Figure 2. CT scan of the heart.

Figure 2

These CT scans of the heart revealed calcification of the descending aorta.

CT, computerized tomography.

SMS was diagnosed based on the clinical findings of this patient. Other tests that help to confirm the diagnosis were done including an X-ray which showed the presence of joint calcification, especially in the upper and lower extremities (Figure 1). The identification of calcification in the aorta in the CT (Figure 2), together with the other findings listed above, strongly suggests that SMS is present. In addition, whole-exome sequencing was done at 16 years of age, which confirmed the diagnosis of generalized arterial calcification of infancy (GACI) type 1 caused by pathogenic mutations in the ectonucleotide pyrophosphatase/phosphodiesterase 1 (ENPP1) gene. When 17 years old, the patient developed SLE. The diagnosis was established based on the Systemic Lupus International Collaborating Clinics (SLICC) criteria and the patient fulfilled it with evident positive antinuclear antibody (ANA), anti-double-stranded DNA (anti-dsDNA), anti-Smith (anti-SM) antibodies, and low C4 complement (Table 1). In addition, an echocardiogram was done and a large pericardial effusion was noted with severe concentric left ventricular hypertrophy. Also, laboratory testing showed high 24-hour urinary protein content (Table 1).

Table 1. Laboratory findings.     .

MCV, mean corpuscular volume; MCH, mean corpuscular hemoglobin; RDW, red cell distribution width; ESR, erythrocyte sedimentation rate; PTT, partial thromboplastin time; eGFR, estimated glomerular filtration rate; LDH, lactate dehydrogenase; BUN, blood urea nitrogen; ANA, antinuclear antibody; anti-dsDNA, anti-double stranded DNA; anti-SM, anti-Smith.
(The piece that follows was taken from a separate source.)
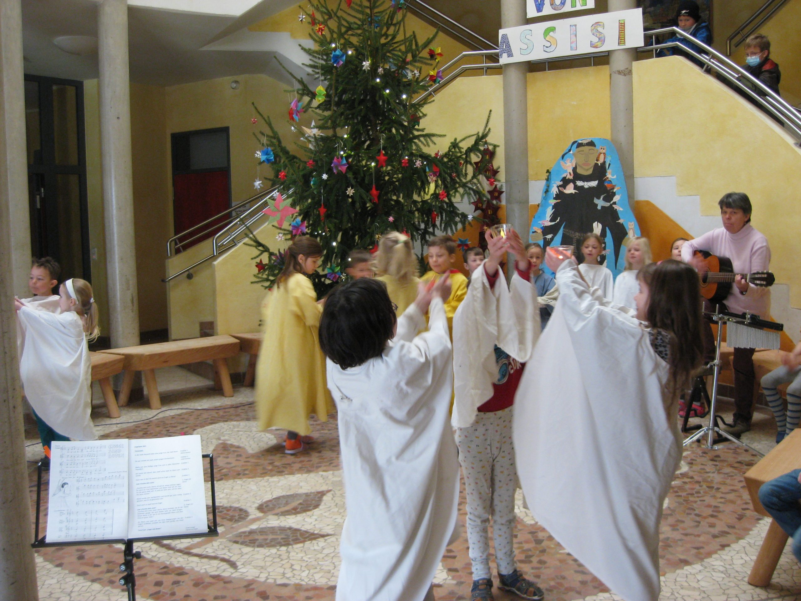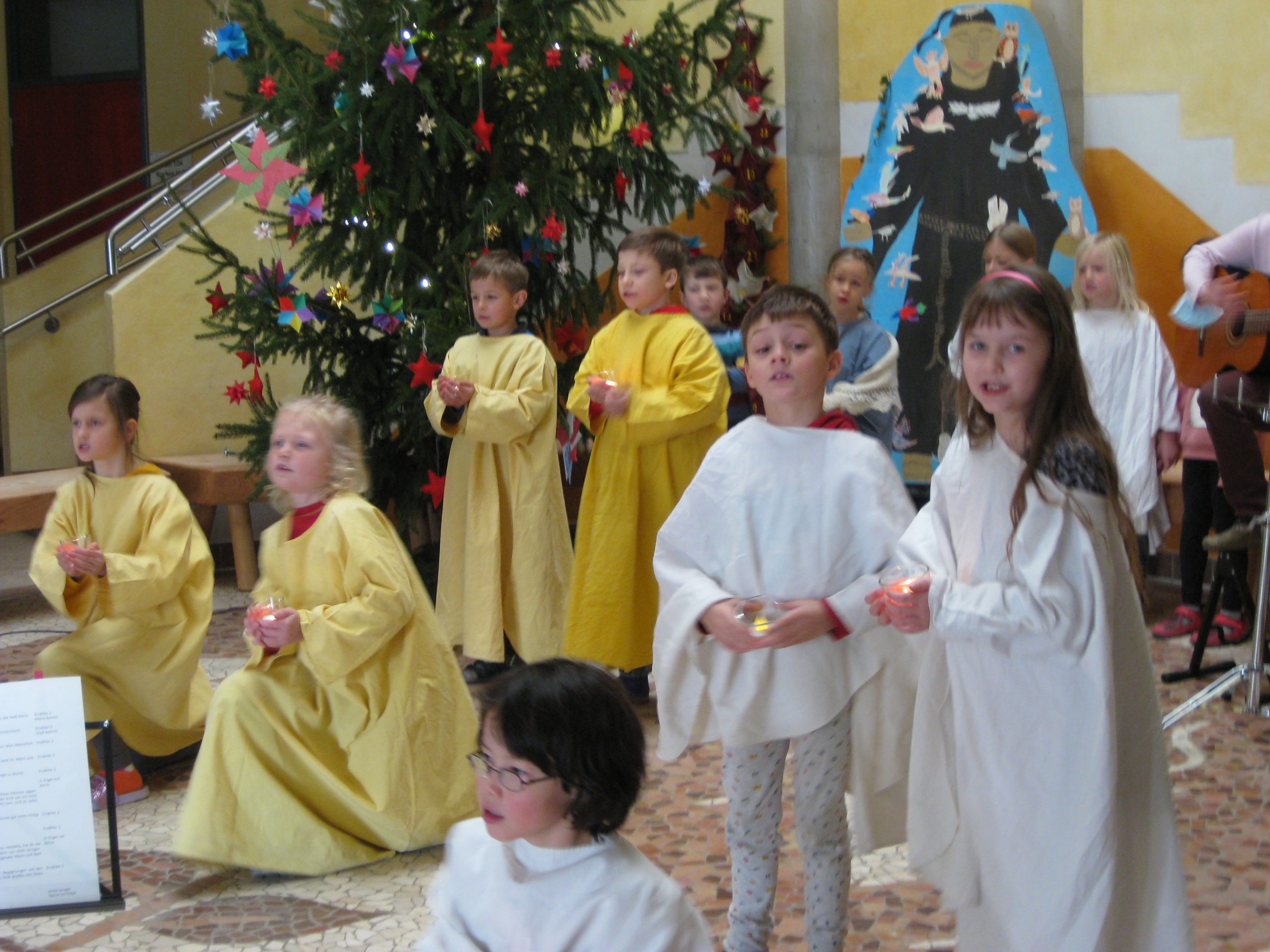 Ganz engelhaft klingen die Lieder, die mit viel Eifer vorbereitet und mit Lampenfieber aufgeführt werden. Auch die Weihnachtsgeschichte wird jede Woche Stück für Stück erzählt. An der aufgestellten Weihnachtskrippe in der Bibliothek verändert sich Woche für Woche etwas: Heute kamen Maria, Josef und die Engel dazu.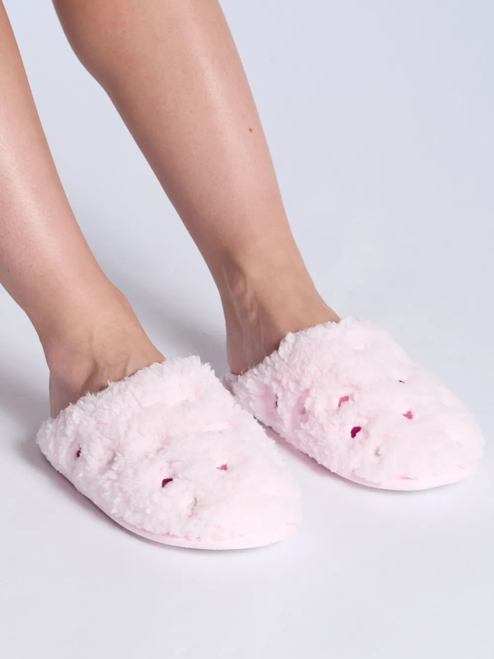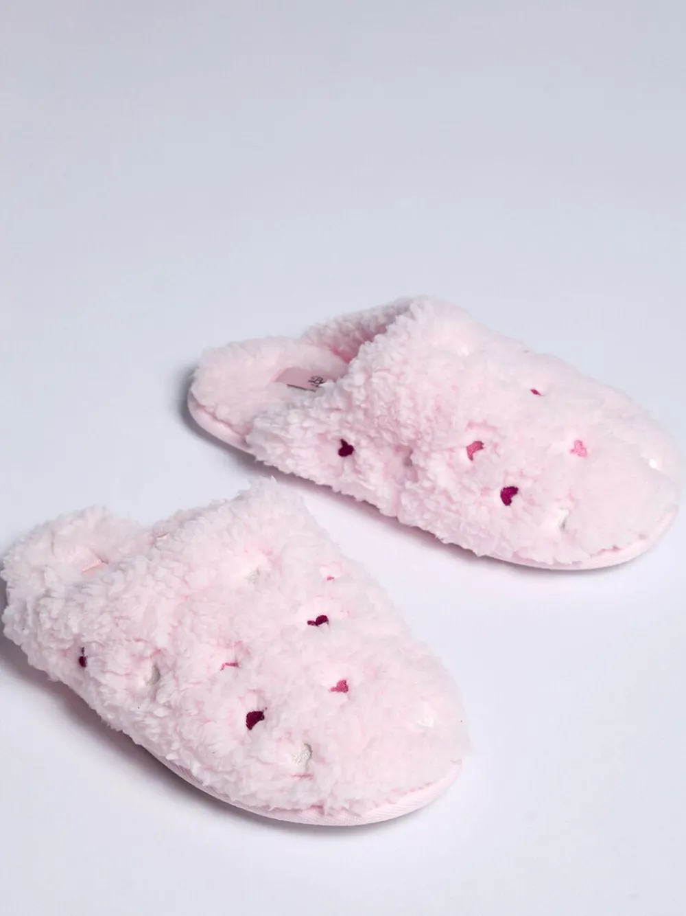 Heart Embroidered Borg Mule Slippers*Boux Avenue Online

Variables   Results Reference values
Blood routine  
Hemoglobin (g/dL) 9.4 11.6-15
Hematocrit (%) 29.1 35.5-44.9
White cell count (×109/L) 6.9 3.5-9.5
Platelet count (×109/L) 297 125-350
MCV (fL) 64.8 80-100
MCH (pg) 21.5 27.5-33.2
RDW (%) 16.3 12.2-16.1
ESR (mm/h) 34 1-20
PTT (s) 47 25-35
Electrolyte
Potassium (mmol/L) 3.1 3.5-5.3
Magnesium (mmol/L) 0.69   0.85-1.10
Calcium (mmol/L) 2.25 2.2-2.7
Sodium (mmol/L) 137 137-147
Chloride (mmol/L) 103 99-100
Blood biochemical
eGFR (JD) (mL/min/1.73 m2)   44 >60
Uric acid (umol/L)   721 148-422
Alkaline phosphate (IU/L)   261 44-147
LDH (mmol/L)   266 0.5-2.2
Creatinine (Umol/L)   114 53-97.2
Protein urine (mg/day)   605 <150
BUN (mmol/L) 14.8 2.1-8.5
Antibodies
ANA Positive Negative
Anti-dsDNA (IU/mL) Positive Negative
Anti-SM Positive Negative
C4 complement (g/L) 0.09 0.16-0.48

Besides having SMS and SLE, the patient is currently diagnosed with severe uncontrolled hypertension and is on four antihypertensives with very low diastolic blood pressure due to loss of aortic elasticity because of extensive calcification and narrowed abdominal aorta, polycystic kidney disease, mild renal impairment, mitral annular calcification, and gout. She is in stable condition on cholecalciferol (D3) tablet (2000 units oral for 360 days), spironolactone, furosemide, carvedilol, indapamide, amlodipine, isosorbide, aspirin, and prednisolone for heart disease, renal disease, hypertension, and SLE. The patient is compliant with the medications and in a stable condition with regular follow-ups with cardiology, nephrology, and rheumatology to check for any development regarding intra-arterial calcification, SLE, and renal disease. 

Discussion

SMS is one of the rare genetic diseases, with only a few cases documented in the literature until now [5,6]. The exact reason why a single gene is linked to so many different autoimmune diseases with varied phenotypes is yet unclear. One hypothesis is that MDA5 becomes responsive to distinct endogenous double-stranded RNAs (dsRNAs) due to conformational changes caused by different amino acid modifications [6,7]. Diagnosis is significant in type I IFN-driven disorders, because targeted anti-IFN treatments, such as Janus kinase-signal transducer and activator of transcription (JAK-STAT) inhibition and anti-IFN receptor antibodies, provide tailored treatment aimed at the underlying genetic etiology [8,9].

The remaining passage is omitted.